Ia mencontohkan, saat ia berkunjung di Jepang, disana pinggir jalan, tiap 50 meter ada papan setinggi 1 meteran berisikan sejarahnya tempat dibelakangnya.
“Jadi, kalau ada seperti itu, kita bisa diberikan gambaran, orang bisa kebawa suasana Tunjungan pada tahun itu seperti apa gambarannya, wong iso mbayangno (orang bisa membayangkan, red),” katanya.
Kemudian, ia menjelaskan yang terjadi di Jl. Tunjangan, dengan membayangkan wisatawan luar negeri berkunjung. Dan hanya mendapati pasar malam biasa, serta disuguhi gedung-gedung tua tanpa cerita.

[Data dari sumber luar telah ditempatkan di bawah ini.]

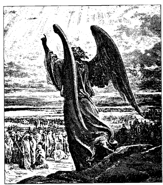
The Angel Appearing to Joshua

The Hebrew word for "shout" is terumah , which means "acclamation of joy, or a battle cry" (Strong's #8643). During this seventh day, both spiritual and fleshly Israel are going through their own wars, in parallel, and both Israels are nearing the final phase which will sound the "great shout."

“Gedung tua mereka jauh lebih baik, tapi justru potensi kita, kisah sebagai Kota Pahlawan identitasnya, sama sekali tidak dimunculkan. Padahal itu yang menjadi pembeda Kota Surabaya, eman kan? (sayang kan?, red),” ketusnya.
Ia menilai, konsep Tunjungan Romansa bertentangan dengan unsur bangunan di sekitarnya. Sehingga, ia menyarankan Pemkot Surabaya harus fokus mengangkat sejarah heritage.
“Ya harusnya di fokuskan kesitu (heritage, red). Jadi orang ndak dapat feel-nya, ndak jelas, ini ambience-nya (suasananya, red) mau dibawa kemana,” pungkasnya
Di sisi lain, AH. Thony, Wakil Ketua DPRD Kota Surabaya mengatakan, bahwa Walikota Surabaya membuat program Tunjungan Romansa untuk membangkitkan ekonomi, memang ambigu.
Ia menyatakan, jika kawasan pembangkitan ekonomi, sebetulnya bukan tunjungan tempatnya. Lebih tepatnya, jika Pemkot Surabaya ingin membangkitkan perekonomian masyarakat, seharusnya di pasar.
“Ya di pasar-pasar itu tempatnya, atau sektor-sektor bisnis. Sektor bisnis itu harus digarap, seperti pasar yang tutup, bagaimana caranya harus di fungsikan, itu untuk pemulihan ekonomi,” ujarnya.
Menurutnya, konsep pemulihan ekonomi dalam menghidupkan Pasar Tunjungan dan Pasar Blauran, bisa dilakukan dengan memfasilitasi pelaku usaha berjualan eceran, makanan dan sebagainya di pinggir Jl. Tunjungan.
Lanjutnya, kemudian ketika ada seseorang ingin belanja secara partai atau tengkulak bisa masuk ke Pasar Tunjungan dan Pasar Blauran.
“Artinya, saya katakan, konsep Surabaya Romansa itu masih baru menyentuh kulitnya saja, pada sisi nilai perjuangan harusnya menjadi sebuah sasaran,” cetusnya.
Thony juga mengatakan, jika kemudian ekonomi menjadi tujuan Pemkot Surabaya, maka harus bisa mendongkrak terhadap keberadaan Pasar Tunjungan yang tembus pasar blauran.
“Dua pasar ini harus hidup sekaligus. Sehingga, pasar Blauran, Pasar Tunjungan, dan Jl. Tunjungan itu menjadi bagian yang tidak terpisahkan, ekosistem ekonominya,” pungkasnya.